If you've read previous posts you may know we've been having trouble with intimacy/his porn use...anyway finally discussed at length today...he says porn isn't nearly as important to him as I have built it up to be but he recognises the problem and will try and avoid it to focus on us...and we both want to move forward and make our marriage work. I would like to buy a good book to help us get more intimate and adventurous in the bedroom as we've been together so long the sex has become a bit like following the same formula... because we know what works for us! Any recommendations?
_Posted via Mobile Device_


----------



## Stonewall (Jul 5, 2011)

Books are kinda like chick porn. Just mental instead of visual. You looking for novels or how to books?


----------



## honkytonkwoman (Aug 2, 2010)

Stonewall said:


> Books are kinda like chick porn. Just mental instead of visual. You looking for novels or how to books?
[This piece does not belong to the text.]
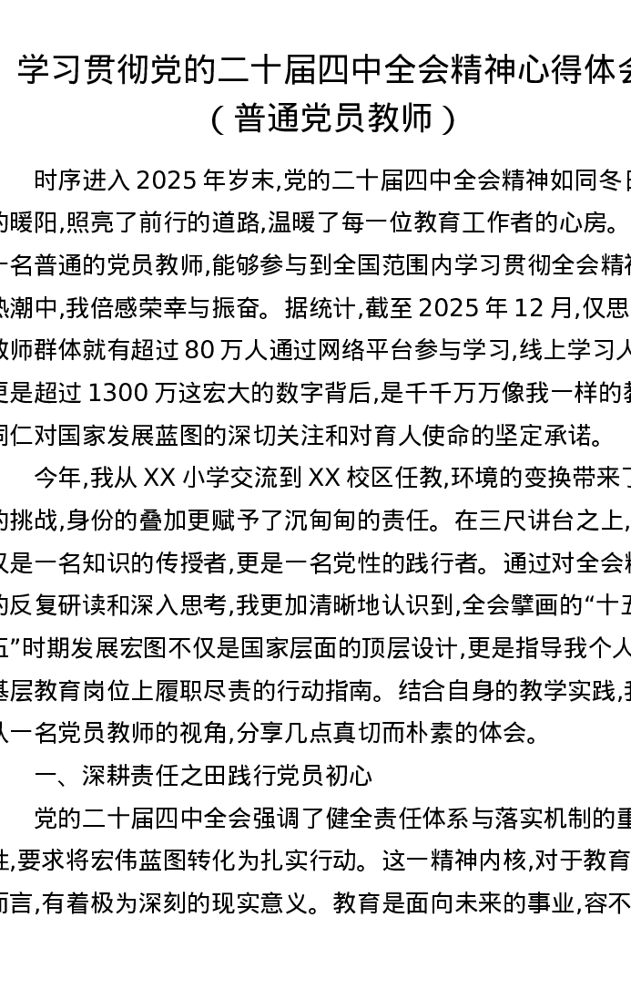 学习贯彻党的二十届四中全会精神心得体会(普通党员教师)

_Posted via Mobile Device_


----------



## honkytonkwoman (Aug 2, 2010)

Actually maybe either? Anything to give us ideas...there's nothing wrong with the sex we have, it's satisfying but tends to follow the same routine...so looking for inspiration really.
_Posted via Mobile Device_


----------



## that_girl (Jul 6, 2011)

Look up different positions. You can do that online for free.

Try something new each time.


----------



## Runs like Dog (Feb 25, 2011)

Any dictionary. Put it under her ass for more leverage.


----------